What Biden’s not saying about Social Security and Medicare
President Biden has scored a clear political win in his argument with Republicans about Social Security and Medicare. Some Republicans want to trim these safety-net programs for seniors, which are a large portion of federal spending and growing larger. Biden skewered those budget hawks during his February 8 State of the Union speech and has continued to throw Republicans off-balance by portraying them as heartless toward seniors.
It's shrewd politics. Social Security and Medicare are among the most cherished government programs, and Biden is likely to win points with seniors by aggressively defending them. But Biden is glossing over a giant looming problem with both programs, which is that they’re unsustainably expensive and the single-largest financial problem the US government faces.
What Biden will never say is that Republicans have a point. Various Republican proposals to cut Social Security and Medicare benefits largely seek to stop the two programs from devouring an ever-growing amount of federal tax revenue. Some are not so much programs as off-the-cuff remarks Republicans have made pointing out that the benefit programs for seniors are heading toward insolvency. A group of about 150 House Republicans has suggested raising the eligibility age for both programs to help keep them funded.
The financial vulnerability of Social Security and Medicare is not an ideological matter. It’s economic reality. Both programs are funded by dedicated taxes that will soon generate less revenue than the programs require. Government analysts think Medicare could begin to run short of money by 2028. Social Security could run short by 2034. The programs won’t die if the money runs short. But if nothing changes, there will only be enough money to cover about 80% of current benefits and that will decline over time.
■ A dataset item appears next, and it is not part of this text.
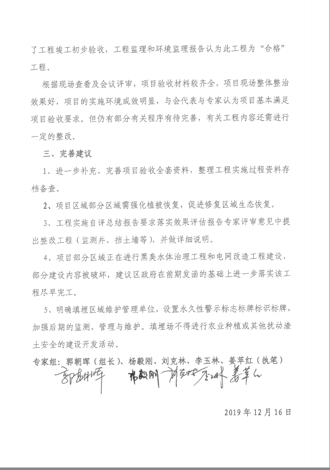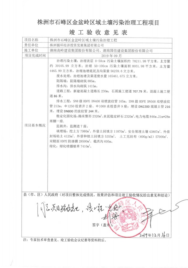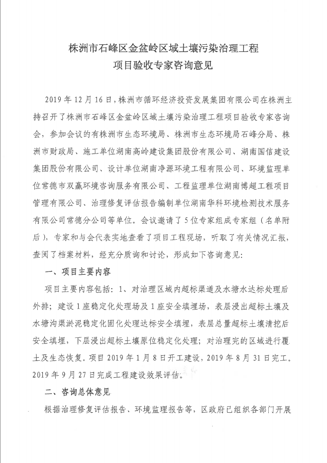 株洲市石峰区金盆岭区域土壤污染治理工程项目竣工验收意见表及专家咨询意见
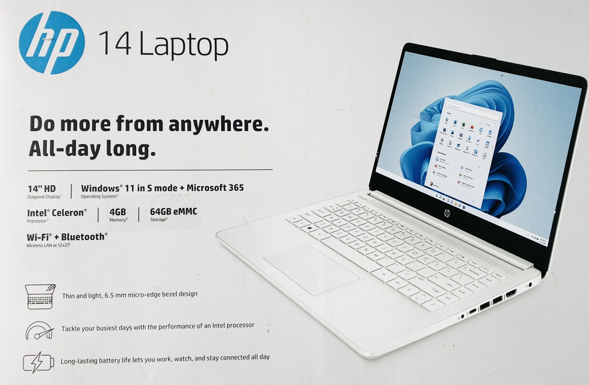 HP - 14" Laptop - Intel Celeron N4120 2019 - 4GB Memory - 64GB eMMC - Snowflake White Model: 14-dq0052dx

The real disagreement between Democrats and Republicans is how to shore up both programs so they don’t run out of money. Biden, the man with many plans, wants to raise taxes on incomes above $400,000. Republicans oppose just about any new taxes, so their approach generally starts with reining in eligibility and trimming benefits. It’s popular to demand that the wealthy finance benefit programs for ordinary people, as Biden does. But there’s also a solid argument for reducing the spending of both programs before they devour the federal budget.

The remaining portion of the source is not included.